FOR PHILADELPHIA NEWS CONSUMERS, WHYY’s story about 8-year-old Dakota Johnson is likely a refreshing one. After Dakota and her father survived an apartment fire five months ago, her mother, who like her father works in mental health, found her a new free therapy program for childhood trauma—the only of its kind in a district with some of the highest poverty rates in the city. According to the story, Dakota has found some relief there, and over the next two years, so will 120 other children. It’s a positive, evidence-based resource for a neighborhood in which residents commonly experience trauma.
In a city where more than 25 percent of citizens live below the poverty line, and nearly half cannot provide basic subsistence for their families, news stories about poverty can feel anesthetizing. But a local, collaborative reporting initiative—the one through which Dakota’s story was published—is working to reframe despairing poverty narratives by digging deep into its complex causes and highlighting solutions that have the potential to make a difference.
On April 19, the Resolve Philadelphia solutions journalism collaborative launched Broke in Philly, a yearlong project through which 19 outlets are pursuing in-depth reporting on issues related to poverty and the city’s push for economic justice. In the dozen-or-so stories Broke has published since its launch, its media partners have made strides in avoiding stereotypes and stigmatizing language. The group has also made community engagement central to the project’s development, event planning, and reporting process.
For Resolve, this model of collaborative, community-engaged journalism is nothing new. The collective evolved from the Reentry Project, led by The Solutions Journalism Network, which from late 2016 to March 2018 published and broadcast more than 200 stories on the challenges of and solutions to prisoner reentry in Philadelphia. The Reentry Project also collaborated with community members to host an event called The Reentry Blueprint: Stories and Solutions from the Formerly Incarcerated.

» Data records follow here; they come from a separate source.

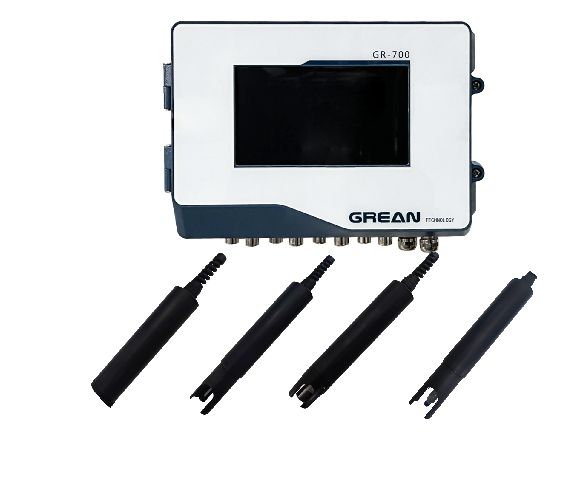 GR-6600 在線五參數分析儀包括GR-700控制器、復合pH電極、電極電導率、溶解氧以及濁度傳感器。復合pH電極基于基于電位分析法進行測量,電極電導率通過兩電極法進行測量。濁度傳感器采用 90°散射法進行測量。溶解氧采用電化學法原理來進行測量。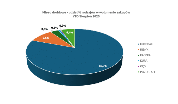 W kategorii mięsa drobiowego zdecydowanie dominuje kurczak, którego kupiło prawie 96% gospodarstw domowych i który odpowiada za prawie 81% wolumenu zakupów mięsa drobiowego w okresie styczeń – sierpień 2025. Drugie miejsce zajmuje indyk, który został kupiony przez prawie 65% nabywców i odpowiada za pokrycie prawie 10% zapotrzebowania na mięso drobiowe (udział w wolumenie zakupów). Trzecią pozycję w rankingu zajmuje mięso kacze z udziałami nieco ponad 3%, kupowane przez prawie 1/3 polskich gospodarstw domowych (penetracja zakupów na poziomie 32%).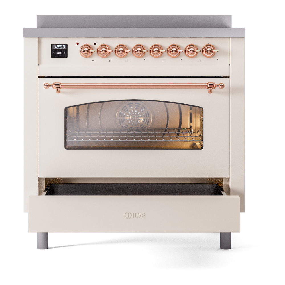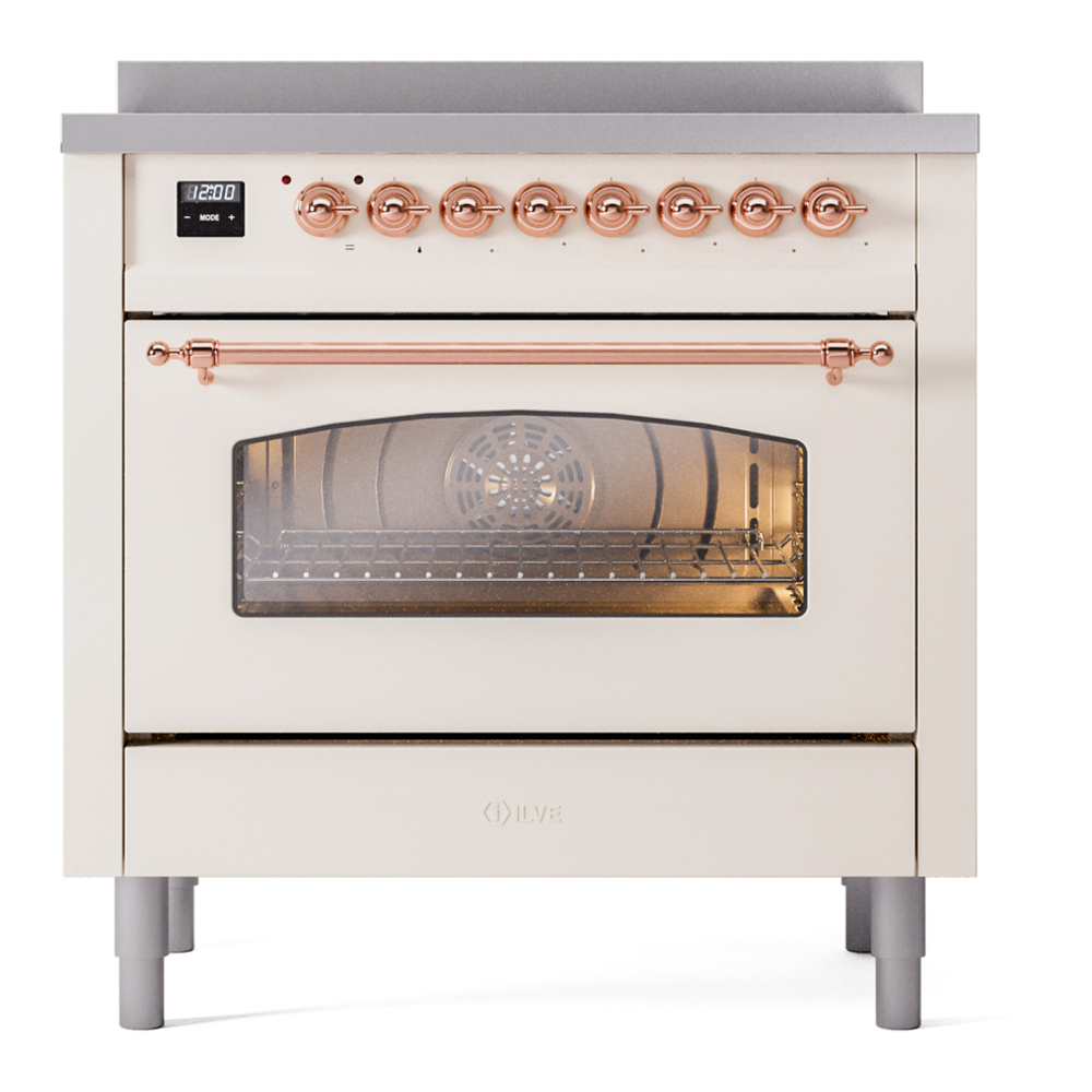 ILVE UPI366NMPAWG Nostalgie II 36 inch Induction Range with 6 Elements (Triple Glass Door, Antique White, Brass)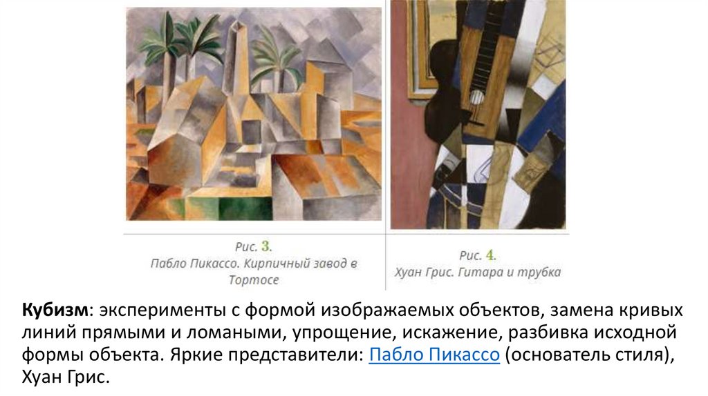 Кубизм: эксперименты с формой изображаемых объектов, замена кривыхлиний прямыми и ломаными, упрощение, искажение, разбивка исходной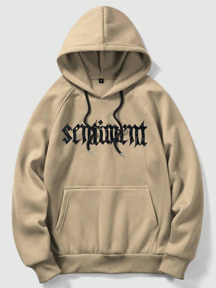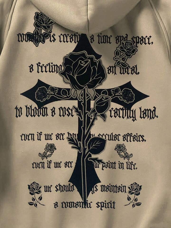 Goth Guys Floral & Slogan Graphic Raglan Sleeve Drawstring Thermal Lined Hoodie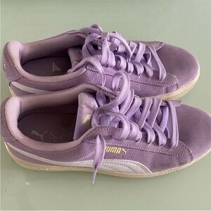 Stylish Puma sneakers. Lavender upper with white accents. Comfortable and trendy.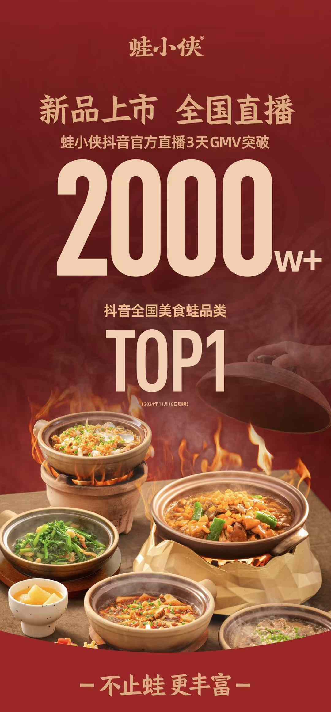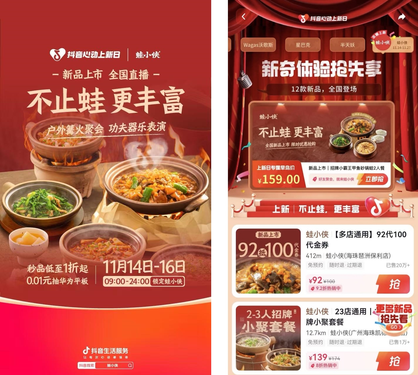 為熱烈慶祝新品的全面上市,蛙小俠攜手「抖音心動(dòng)上新日」特列推出了「不止蛙,更豐富」主題活動(dòng),不僅為大家奉上了沸騰砂鍋系列的心動(dòng)上新品,還通過(guò)主理人空降直播間、東方文化演繹、戶外山谷直播等系列互動(dòng)玩法,誠(chéng)邀廣大吃蛙星人共赴蛙小俠,實(shí)現(xiàn)蛙肉自由,以一鍋熱氣騰騰的蛙鍋治愈整個(gè)冬日。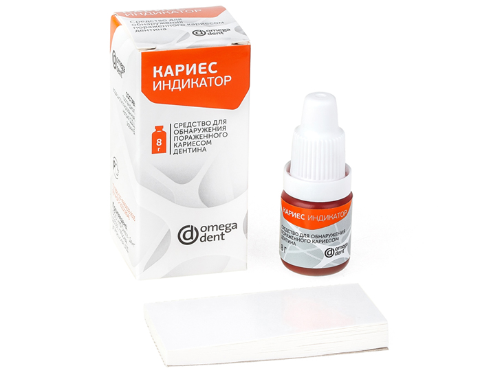 Кариес индикатор (жидкость) средство для обнаружения пораженного кариесом дентина, 8 мл, Россия (ООО "НКФ Омега-Дент")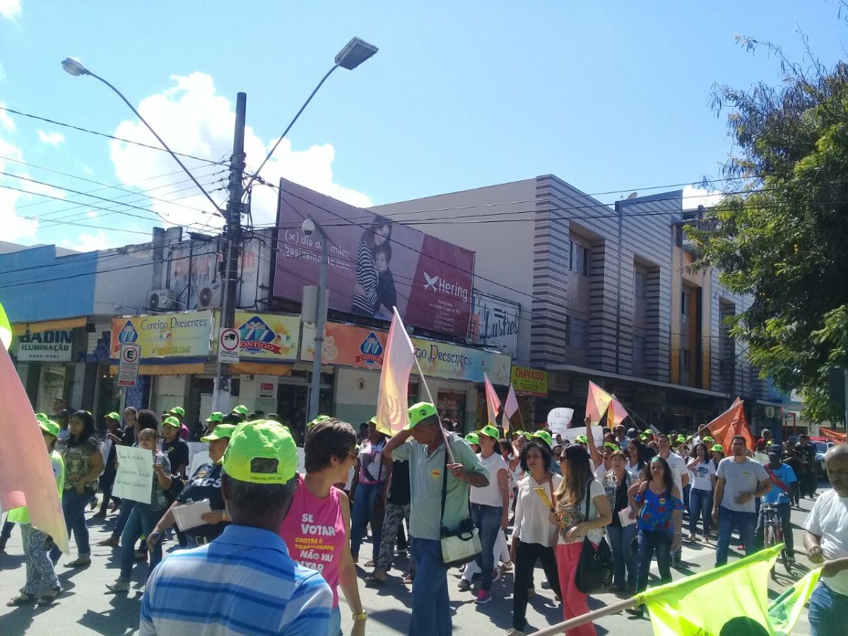 TEÓFILO OTONI – Pela segunda vez em pouco mais de uma semana, os servidores públicos municipais foram às ruas na manhã desta quarta-feira (2). A paralisação das atividades foi pelo mesmo motivo do movimento do último dia 23 de abril: A Campanha Salarial 2018. Desta vez, a novidade em relação ao último protesto foi o início da “Operação Tartaruga” (diminuição do ritmo de trabalho) empreendida pelos profissionais da Educação, e que deve durar até pelo menos sexta-feira (4). Depois de uma Assembleia, na porta do sindicato da categoria, o SINDISETO, os servidores, reforçados pelos agentes comunitários de saúde, se dirigiram à Prefeitura. “Fomos recebidos pelo secretário de Governo, Pio de Castro Mota, e foi marcada uma reunião com o prefeito Daniel Sucupira, para discussão das nossas reivindicações”, informou o presidente do SINDISETO, José Antônio Esteves Guedes

“I think the way we tried to approach the topic, both through our reporting and then through the events we did, really did shift people’s conception of the role media can play in their world, and the reentry space and society at large,” says Resolve’s executive director, Jean Friedman-Rudovsky. “People were excited about the solutions approach and liked seeing more forward-thinking, positive reporting, particularly on an issue where you so often hear about the negative side.”
As citizens, we tend to look at these problems, and believe because we’re exposed only to negative reporting that this is the way it has to be—that poverty is, in fact, unavoidable.
Most of Broke’s media partners, such as the Philadelphia Media Network, WHYY, PhillyCAM, and WURD, came directly from the Reentry Project. But following the Reentry Project’s success, Resolve picked up a few more, such as City and State PA, The Philadelphia Tribune, and Philatinos Radio. As Resolve expanded, they decided that instead of choosing a topic amongst themselves, they would ask the public what they should cover next. They received more than 400 responses. The suggestions—submitted through an online survey, an SMS text line, notecards, and focus groups—ranged from education reform, to litter, to corruption in city government.
When Resolve met to discuss which topic they should report on, it was unsurprising that the city’s most pervasive issue repeatedly rose to the top of the conversation.
“The issues of poverty really are embedded in every area of coverage we do—education inequity, healthcare, affordable housing, transportation, local government, and politics,” says Sandra Clark, WHYY’s vice president for news and civic dialogue. “Poverty is not detached from any of these issues.”
To prepare for Broke, Friedman-Rudovsky gave herself a crash course on poverty and connected with organizations, experts, and people with lived experience so they could together shape the mission and path of the project. Community experts warned her that focusing just on poverty would risk communicating to the public that poverty is siloed—like an “an accident of society,” as she put it—and that individuals who experience it may be disconnected and responsible for that experience.
To combat that narrative, Resolve provided all involved news outlets with a 29-page reporter’s guide, which outlines framing and language recommendations, and gives reporters background information, statistics, and a primer on federal, state, and local economic policy. For example, it reminds reporters that poverty “is a state, not a trait.” Journalists are recommended to use phrases like “people experiencing poverty,” as opposed to “the poor,” “economically disadvantaged,” or “needy.” (A language guide is available on the Broke in Philly website.)
While the project launched just last month, national news organizations are starting to take notice of its efforts. Friedman-Rudovsky recently received a note from a copy editor at a large national outlet who said she shared the reporter’s guide with her entire copy desk.
According to Keith Hammonds, the president of the Solutions Journalism Network, beyond Broke’s language, its solutions approach challenges notions about the perceived hopelessness of poverty—something the news media too often communicates to the public.
“As citizens, we tend to look at these problems, and believe because we’re exposed only to negative reporting that this is the way it has to be—that poverty is, in fact, unavoidable,” says Hammonds. “Solutions journalism tells me about efforts to address poverty in my community, and I start to think, ‘Oh, there are people in Philadelphia doing stuff that seems to be working. Therefore, it’s actually not unavoidable.”
Hammond adds, “We do, in fact, have agency, both as individuals and as a community, in taking on challenges that otherwise seem wildly out of reach.”